Registered Nurses' Association of Ontario

Nursing Best Practice Guidelines

Neurological Assessment

3.0 Nurses in all practice settings should conduct a neurological assessment on admission using a validated tool (such as, the Canadian Neurological Scale, National Institutes of Health Stroke Scale or Glasgow Coma Scale) and continue to monitor the client’s neurological status on an ongoing basis for any changes in:

  • Level of consciousness;   
  • Orientation;
  • Motor (strength, pronator drift, balance and coordination);
  • Pupils;
  • Speech/Language;
  • Vital signs (TPR, BP, SpO2); and
  • Blood glucose.

 
Cognition/Perception/Language
 3.1
Nurses in all practice settings should screen clients within 48 hours of the stroke client becoming awake and alert, using validated tools (such as, Montreal Cognitive Assessment [MoCA©], Modified Mini-Mental Status Examination, Line Bisection Test or Frenchay Aphasia Screening Test) for alterations in cognitive, perceptual and language function including:

  • Abstraction;
  • Arousal, alertness and orientation;
  • Attention;
  • Apraxia;
  • Language (comprehensive and expressive deficits);
  • Memory (immediate and delayed recall);
  • Spatial orientation, Unilateral Spatial Neglect (formally Extinction) & Visual Neglect.

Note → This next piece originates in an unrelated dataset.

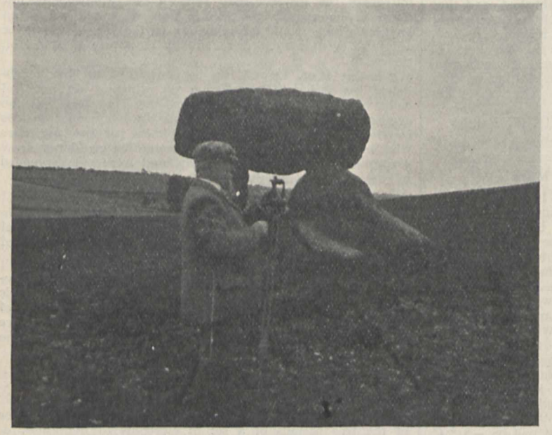
FIG. 18 .- Devil's Den, Avebury, looking towards November sunrise.

N some previous notes I have given an account of some measurements of the so-called "cromlechs" of Cornwall. In referring to this subject in a more

 In situations where impairments are identified, clients should be referred to a trained healthcare professional for further assessment and management.

 
Neurological Assessment
3.2
Nurses in all practice settings should recognize that signs of decline in neurological status may be related to neurological or secondary medical complications. Clients with identified signs and symptoms of these complications should be referred to a trained healthcare professional for further assessment and management.